Page 1 of 1
SOFT recovery always with #attemps=1
Posted: Mon Dec 03, 2018 7:38 am
by op-team
Hi Guys
since we upgrade our XI to 5.5.7, we noticed some strange behaviour with service statetype
When service recovers from a soft state, the #attempts is always 1 with soft state.

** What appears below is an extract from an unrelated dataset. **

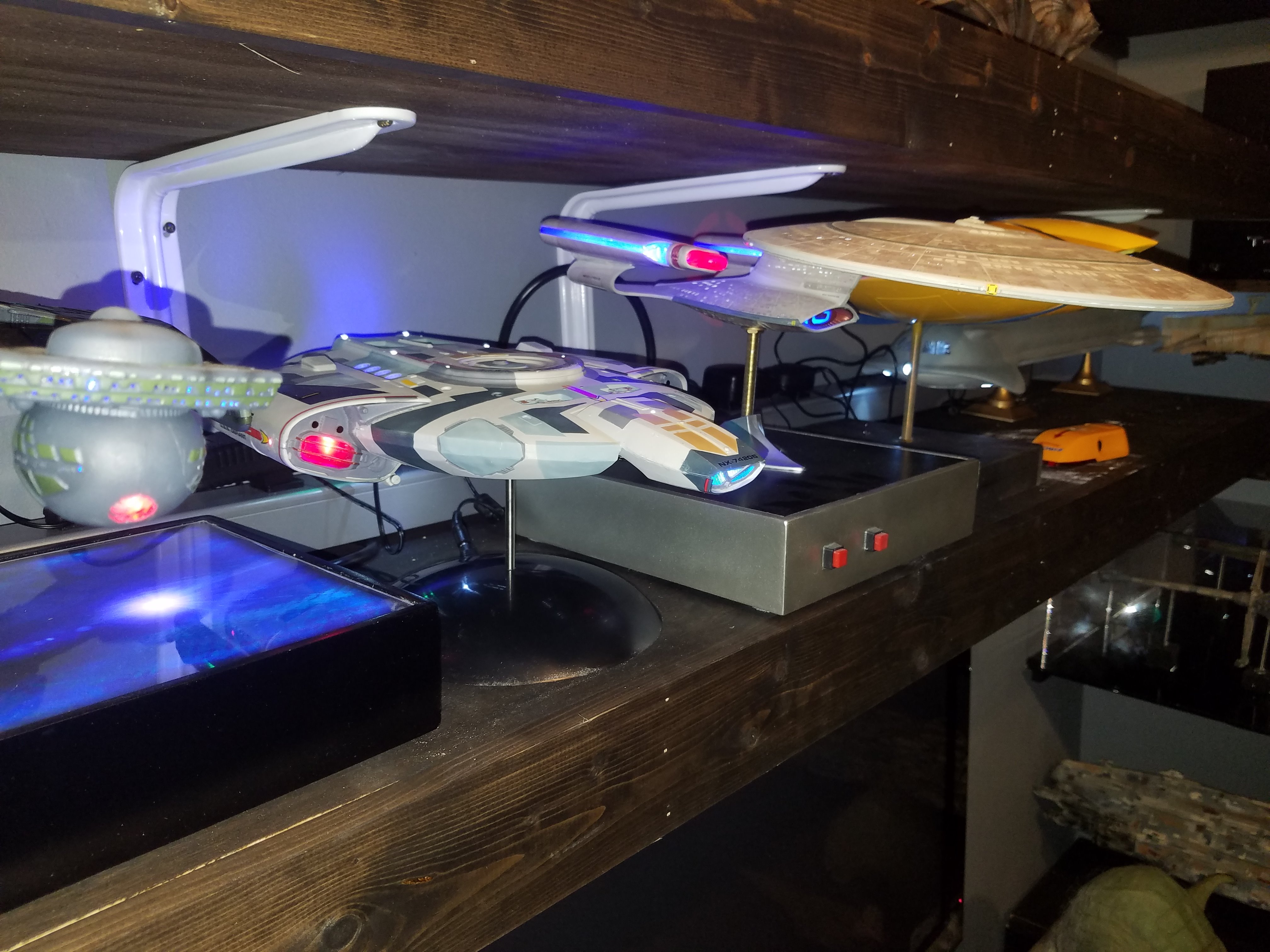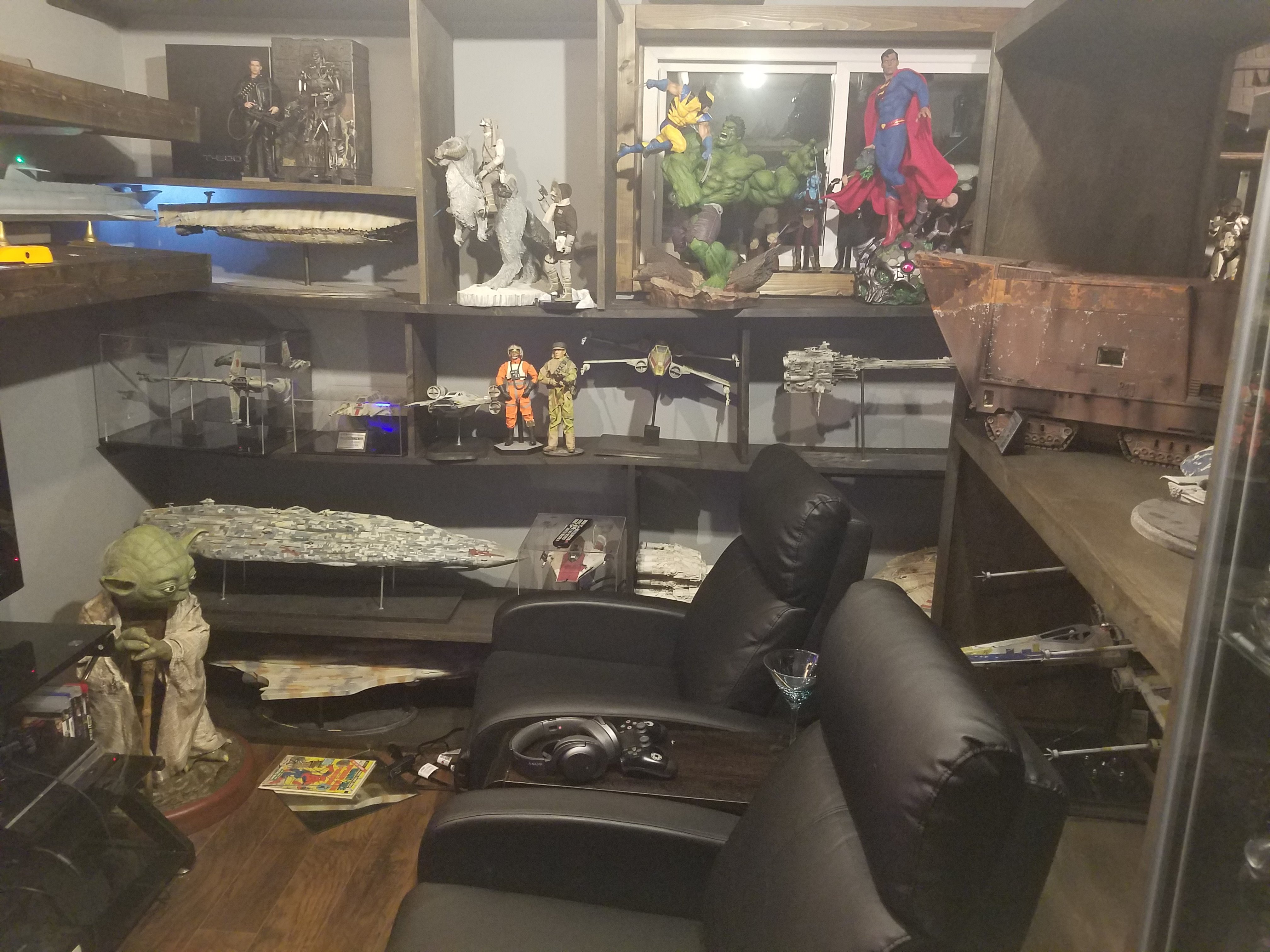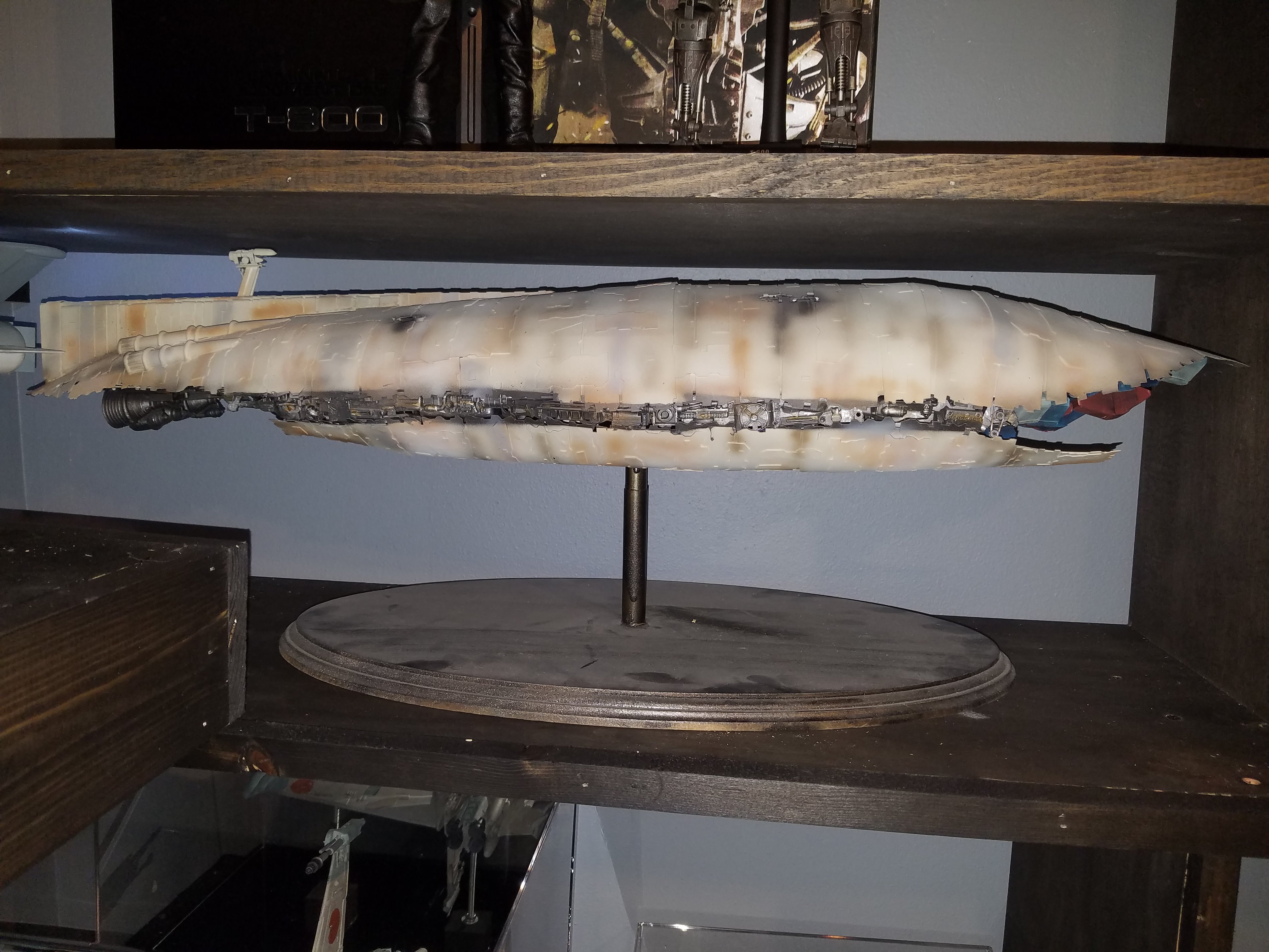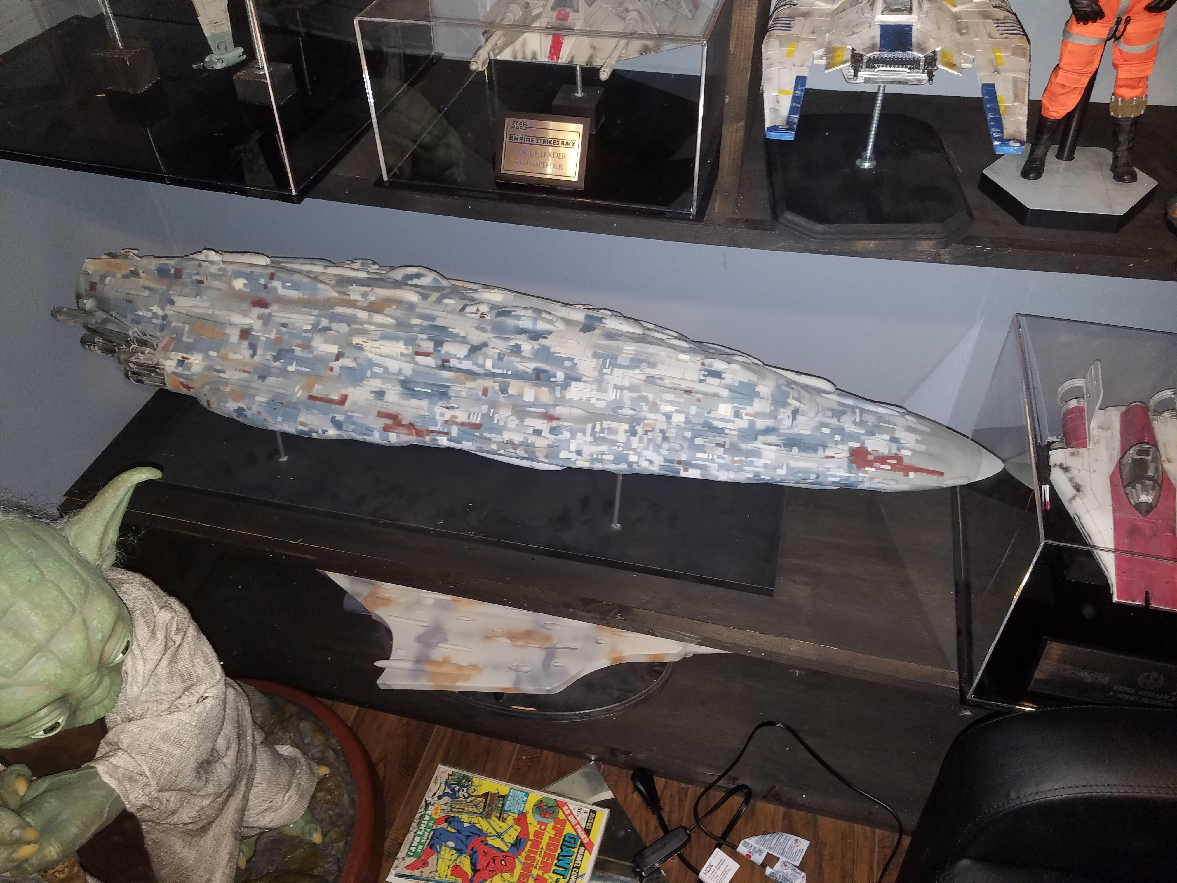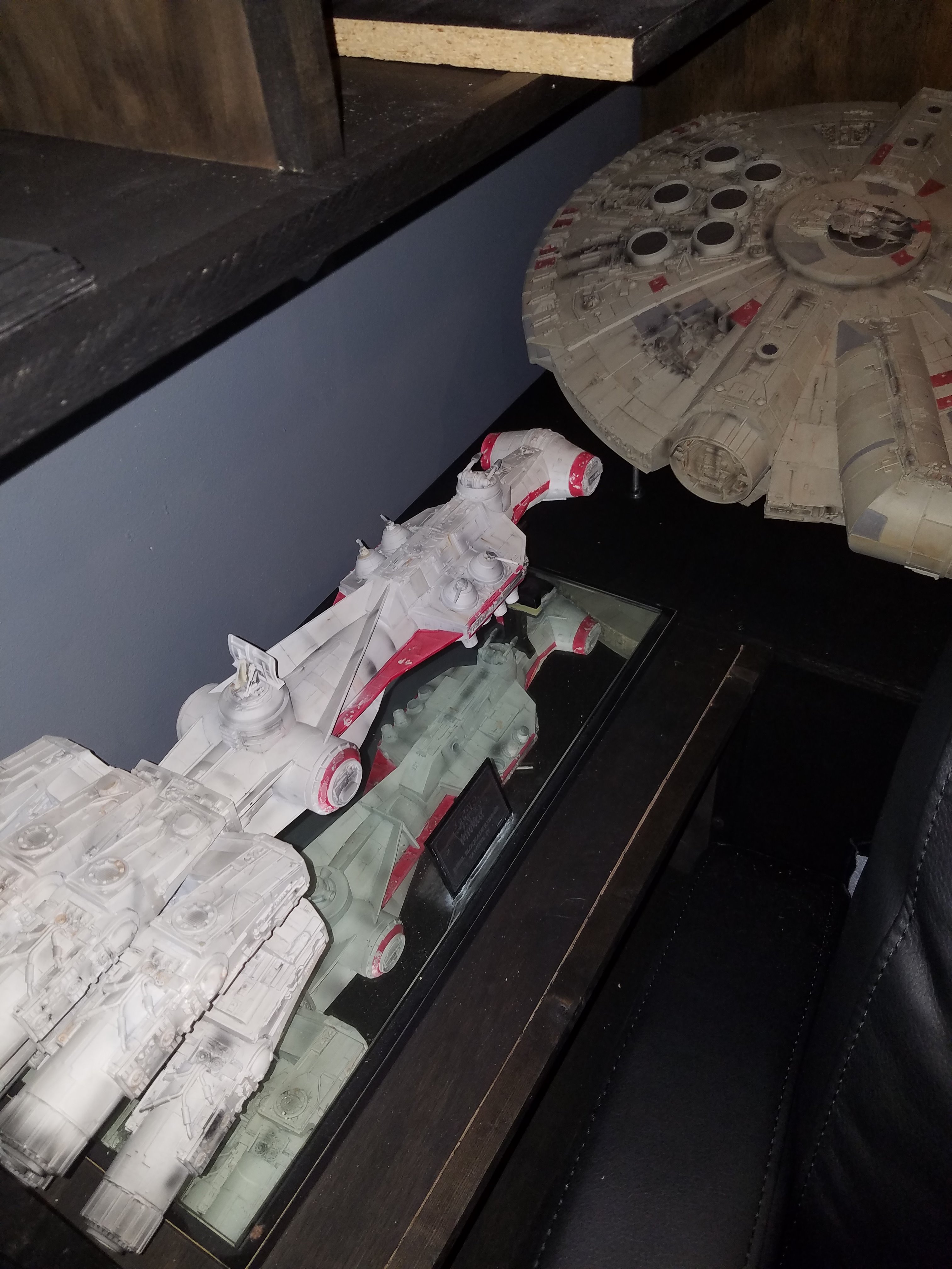I have been a long time viewer of Modeler Magic and thought I would submit some of the things that I have created over my modeling career. Here is a general look at my current collection. Most of the larger ships are all built from scratch. The lit builds are from kits, and I have a lot of Hasbro toy mods in there as well. Also, I have a few Randy Cooper models and other garage kits. I wanted to scratch build pieces that are unique and not found in many other collections.

We were expecting a value equal to the #actual_attemps.
do someone experience the same issue?
This is an example:
[1543791600] CURRENT HOST STATE: 1287000010_00_switch-04;UP;HARD;1;OK - 10.2.0.59: rta 8.311ms, lost 0%
[1543797638] SERVICE ALERT: 1287000010_00_switch-04;PoE Status;UNKNOWN;SOFT;1;UNKNOWN: Script timed out
[1543797879] SERVICE ALERT: 1287000010_00_switch-04;PoE Status;OK;SOFT;1;'PSE_10011002' is ON(poe_usage:3.04%) 'PSE_10011001' is ON(poe_usage:5.67%) 'PSE_10011003' is ON(poe_usage:1.50%)
[1543798746] SERVICE ALERT: 1287000010_00_switch-04;PoE Status;UNKNOWN;SOFT;1;UNKNOWN: Script timed out
[1543799015] SERVICE ALERT: 1287000010_00_switch-04;PoE Status;UNKNOWN;SOFT;2;UNKNOWN: Script timed out
[1543799256] SERVICE ALERT: 1287000010_00_switch-04;PoE Status;OK;SOFT;1;'PSE_10011002' is ON(poe_usage:3.04%) 'PSE_10011001' is ON(poe_usage:5.67%) 'PSE_10011003' is ON(poe_usage:1.50%)
[1543803119] SERVICE ALERT: 1287000010_00_switch-04;PoE Status;UNKNOWN;SOFT;1;UNKNOWN: Script timed out
[1543803388] SERVICE ALERT: 1287000010_00_switch-04;PoE Status;UNKNOWN;SOFT;2;UNKNOWN: Script timed out
[1543803657] SERVICE ALERT: 1287000010_00_switch-04;PoE Status;UNKNOWN;SOFT;3;UNKNOWN: Script timed out
[1543803898] SERVICE ALERT: 1287000010_00_switch-04;PoE Status;OK;SOFT;1;'PSE_10011002' is ON(poe_usage:3.04%) 'PSE_10011001' is ON(poe_usage:5.74%) 'PSE_10011003' is ON(poe_usage:1.50%)
Re: SOFT recovery always with #attemps=1
Posted: Mon Dec 03, 2018 10:01 am
by op-team
Another behaviour that need investigation.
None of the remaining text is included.